General practitioners are at the heart of managing ulcers in the community
You must lance an ulcer to heal it. You must tear down parts of an old building to restore it, and so it is with a sensual life that has no spirit in.
– Rumi1
While it is universally accepted that an ulcer is defined by the full-thickness erosion of an epithelial lining,2 the aetiology and management of different types of ulcers remain distinct, elusive and, at times, misunderstood. Australian Nobel laureate Barry Marshall noted that as peptic ulcers became more common in the 20th century when theories of Freud and other psychoanalysts became popular, the tradition emerged that gastric ulcers were interwoven with the stress or turmoil in one’s life,3 since shown to be incorrect.4 Although the disability from lower limb wounds,5 the shame and fear associated with genital ulceration6 and the pain of corneal ulcers are not synonymous with causation, the emotional and psychological impact may be profound.
My hospital-based medical training focused on the characterisation and pathophysiology of ulcers that are secondary to venous or arterial disease and, in particular, within the context of diabetes. Despite what seemed to be adequate preparation at the time from my training and experience within the tertiary referral hospitalist context, once commencing general practice training I realised there was much to learn. In the community context, my general practitioner (GP) supervisors, mentors and colleagues revealed their extensive breadth of knowledge and experience to assess and coordinate the management of ulcers across all stages of wound healing.

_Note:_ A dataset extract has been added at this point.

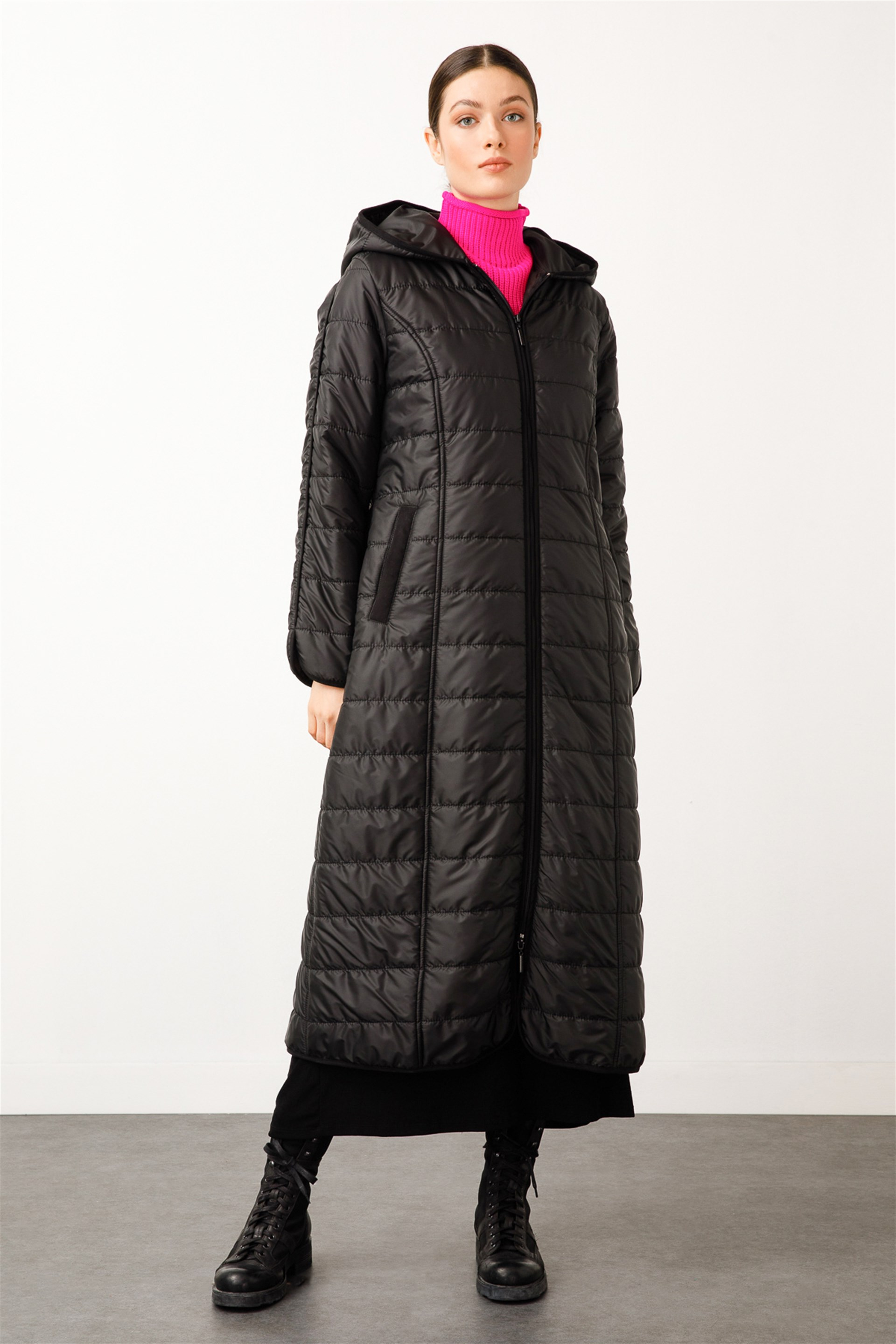 Önü Fermuarlı Kenar Biyeleri Cepleri Süet Mixli Uzun Kapüşonu Şişme Mont-Siyah (202822M KABAN-01)

GPs are ideally situated to consider the broad range of disease-driven variations in presentation and progression, especially in less common locations such as the genital region7 or cornea.8
In this month’s issue of Australian Journal of General Practice (AJGP), Sinha and colleagues explore the art and science of selecting wound dressings for acute wounds.9 McMorrow and colleagues discuss detection of peripheral neuropathy to prevent complications of diabetic foot ulcers.10
Mack et al provide a rationale to enable GPs to diagnose different types of corneal ulcers.11 Weerasinghe and Ooi present a case study of a penile ulcer and explore treatment options.12
In addition to these ulcers, which are on the external surface of the body and hence visible to the patient, this edition of AJGP also considers important yet not directly visible ulceration in the upper gastrointestinal tract.13,14
The diagnosis and management of ulcers can be a complex and satisfying conundrum. The diversity of aetiology means exercising the hallmarks of good general practice, which include a sound clinical acumen, patience in history-taking and management over time, coping with uncertainty and, importantly, good networks with allied health professionals. A better understanding of the management of ulceration will facilitate the comprehensive care provided by GPs, who also manage the physical and psychological sequelae of ulceration.